## [EXERCISE INSTRUCTIONS]
All lines from the one containing "The currach bears" through the final line of the records below should be reproduced exactly, with the pictures left out.

**** DATA EXTRACTS ****

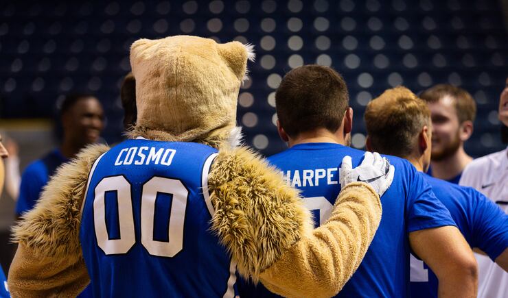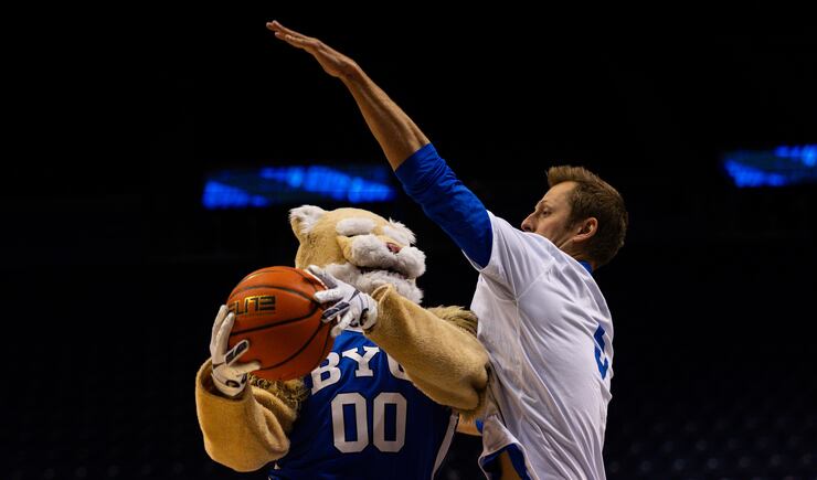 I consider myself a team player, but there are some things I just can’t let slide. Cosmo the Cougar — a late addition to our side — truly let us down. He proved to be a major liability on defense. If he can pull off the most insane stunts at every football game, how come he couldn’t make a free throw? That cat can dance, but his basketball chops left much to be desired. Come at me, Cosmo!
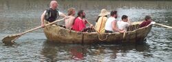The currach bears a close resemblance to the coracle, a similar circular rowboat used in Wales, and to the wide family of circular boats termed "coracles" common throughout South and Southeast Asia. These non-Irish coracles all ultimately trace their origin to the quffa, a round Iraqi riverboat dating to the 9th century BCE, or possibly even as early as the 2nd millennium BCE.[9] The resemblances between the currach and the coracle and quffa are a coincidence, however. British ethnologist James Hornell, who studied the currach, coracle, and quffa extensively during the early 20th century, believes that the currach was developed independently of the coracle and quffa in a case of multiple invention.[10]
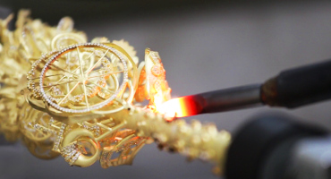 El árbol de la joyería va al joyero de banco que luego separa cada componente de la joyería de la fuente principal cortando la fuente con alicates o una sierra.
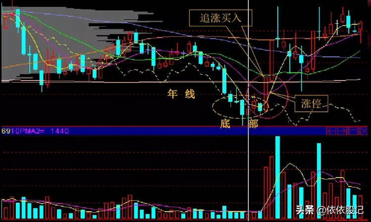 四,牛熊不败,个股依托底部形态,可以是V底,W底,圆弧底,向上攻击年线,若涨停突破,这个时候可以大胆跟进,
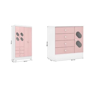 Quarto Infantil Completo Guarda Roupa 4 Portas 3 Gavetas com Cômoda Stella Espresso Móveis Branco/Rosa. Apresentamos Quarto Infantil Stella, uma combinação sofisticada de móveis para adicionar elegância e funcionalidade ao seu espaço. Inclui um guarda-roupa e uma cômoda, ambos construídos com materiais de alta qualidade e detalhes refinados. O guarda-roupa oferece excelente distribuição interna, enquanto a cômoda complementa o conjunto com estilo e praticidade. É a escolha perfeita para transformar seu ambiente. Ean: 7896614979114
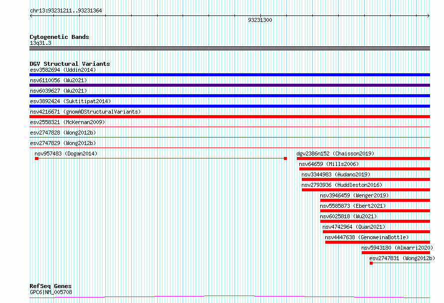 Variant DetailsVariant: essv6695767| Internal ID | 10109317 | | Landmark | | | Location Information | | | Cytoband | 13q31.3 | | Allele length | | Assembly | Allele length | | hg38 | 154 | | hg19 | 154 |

****

## [ANSWER TO THIS EXERCISE]
The currach bears a close resemblance to the coracle, a similar circular rowboat used in Wales, and to the wide family of circular boats termed "coracles" common throughout South and Southeast Asia. These non-Irish coracles all ultimately trace their origin to the quffa, a round Iraqi riverboat dating to the 9th century BCE, or possibly even as early as the 2nd millennium BCE.[9] The resemblances between the currach and the coracle and quffa are a coincidence, however. British ethnologist James Hornell, who studied the currach, coracle, and quffa extensively during the early 20th century, believes that the currach was developed independently of the coracle and quffa in a case of multiple invention.[10]
 El árbol de la joyería va al joyero de banco que luego separa cada componente de la joyería de la fuente principal cortando la fuente con alicates o una sierra.
 四,牛熊不败,个股依托底部形态,可以是V底,W底,圆弧底,向上攻击年线,若涨停突破,这个时候可以大胆跟进,
 Quarto Infantil Completo Guarda Roupa 4 Portas 3 Gavetas com Cômoda Stella Espresso Móveis Branco/Rosa. Apresentamos Quarto Infantil Stella, uma combinação sofisticada de móveis para adicionar elegância e funcionalidade ao seu espaço. Inclui um guarda-roupa e uma cômoda, ambos construídos com materiais de alta qualidade e detalhes refinados. O guarda-roupa oferece excelente distribuição interna, enquanto a cômoda complementa o conjunto com estilo e praticidade. É a escolha perfeita para transformar seu ambiente. Ean: 7896614979114
 Variant DetailsVariant: essv6695767| Internal ID | 10109317 | | Landmark | | | Location Information | | | Cytoband | 13q31.3 | | Allele length | | Assembly | Allele length | | hg38 | 154 | | hg19 | 154 |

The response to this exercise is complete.